By Mildred Largaespada/ Anny Baldwin
He arrives by car, with a beautiful blonde woman beside him in the passenger seat.
He is easily recognisable: his photo has recently appeared in the Spanish press and social media: a man in an elegant crisp white guayabera shirt, pictured standing on the roof-terrace of a building in Madrid. The headlines name him with the reverence due celebrities. His words are retweeted, commented and celebrated.
His name has a substance of its own: Jon Lee Anderson. Known as one of the best journalists on the planet, he has garnered worldwide praise for his writing in the New Yorker. University schools of journalism study his dispatches from Latin-American reality: Nicaragua, Cuba, Brazil, Haiti… and also from Libya, Siria, Liberia, Iraq and Angola… he not only exercises the craft of journalism, but also teaches it, at the Gabriel García Márquez Foundation for Iberian-American Journalism. The school was set up by the Nobel laureate himself and provides training to dozens of Latin American journalists every year.

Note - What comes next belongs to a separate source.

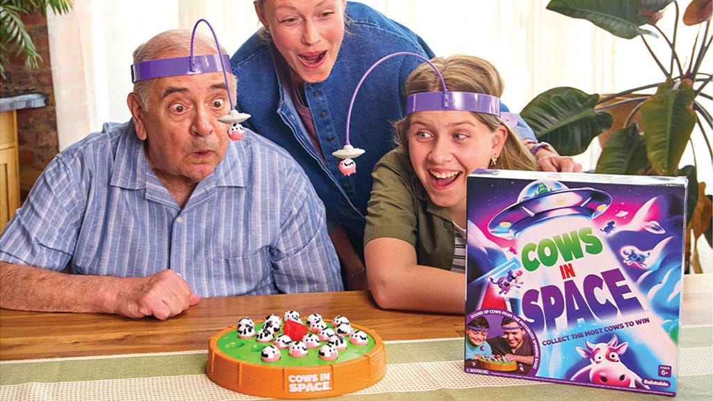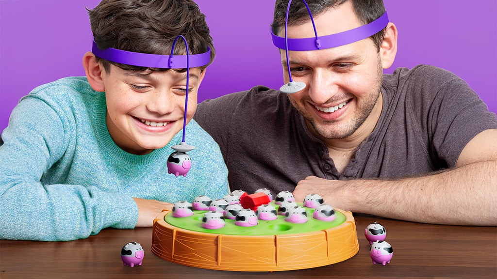 Im Spiel Relatable Cows in Space tragen die Spieler ein Stirnband, an dessen Ende sich ein Raumschiff befindet. Nachdem alle bereit sind und alle Kühe auf dem Spielfeld platziert wurden, muss man einfach das Bauernhaus drücken, um die drehende Plattform zu starten. Das Ziel ist es, mit Hilfe des versteckten Magneten im Raumschiff so viele Kühe wie möglich zu sammeln. Der Spieler, der am Ende des Spiels die meisten Kühe gesammelt hat, gewinnt!Dieses Spiel ist nicht nur unterhaltsam, sondern fördert auch die Geschicklichkeit und Schnelligkeit. Für jedes Familienmitglied stellt es eine spannende Herausforderung dar, während die Spieler darum wetteifern, wer die meisten Kühe fangen kann. Das Relatable Cows in Space ist die perfekte Wahl für Treffen mit Freunden oder Familien-Spieleabende, denn es sorgt garantiert jedes Mal für gute Laune und Lachen.
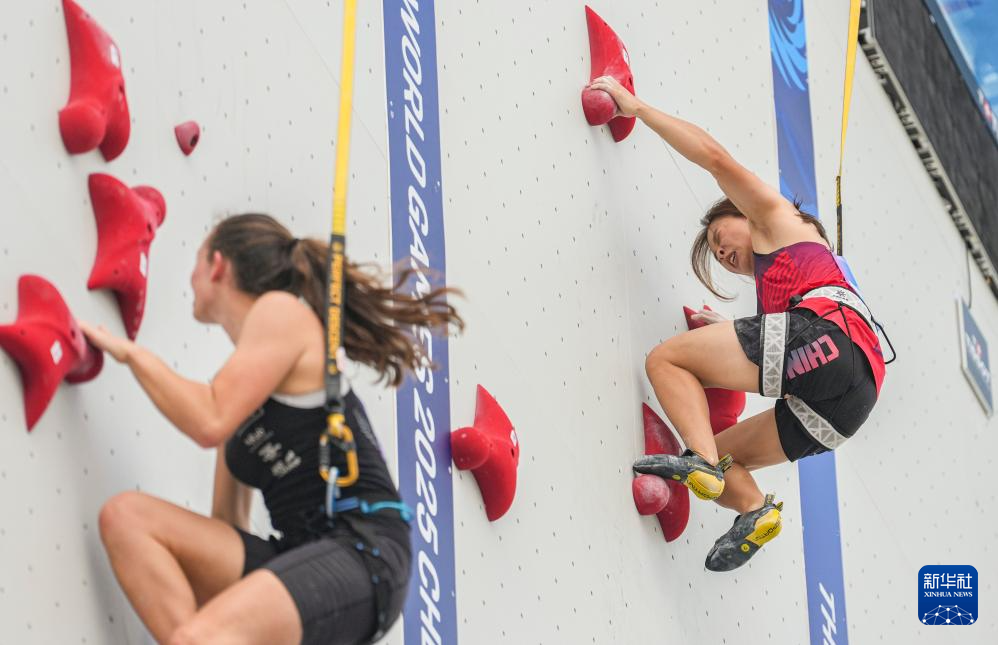 当日,在2025年成都世运会攀岩女子速度个人资格赛中,中国选手周娅菲、覃于妹、邓丽娟、张少琴晋级1/8淘汰赛。

My meeting with Anderson takes place in Salobreña, near Granada, in southern Spain. The Mediterranean is just a few feet away, but we won´t be dipping into it. Instead, we’ll refresh ourselves with ice-cold Alhambra beer and eat a modestly-priced set menu. Having managed to park the car, Anderson hurries over, apologising for having arrived almost an hour late. But I don’t have it in me to grumble at someone who has courteously agreed to be interviewed in the middle of his summer holiday.
He’s wearing the sort of t-shirt generally favoured by true rock stars at their hot-weather gigs: short sleeved, grey, or a washed-out shade of blue, easy-fit. And loose-cut jeans. Summer flip-flops on his feet. Altogether essential clothing for riding out another of Spain’s July heatwaves.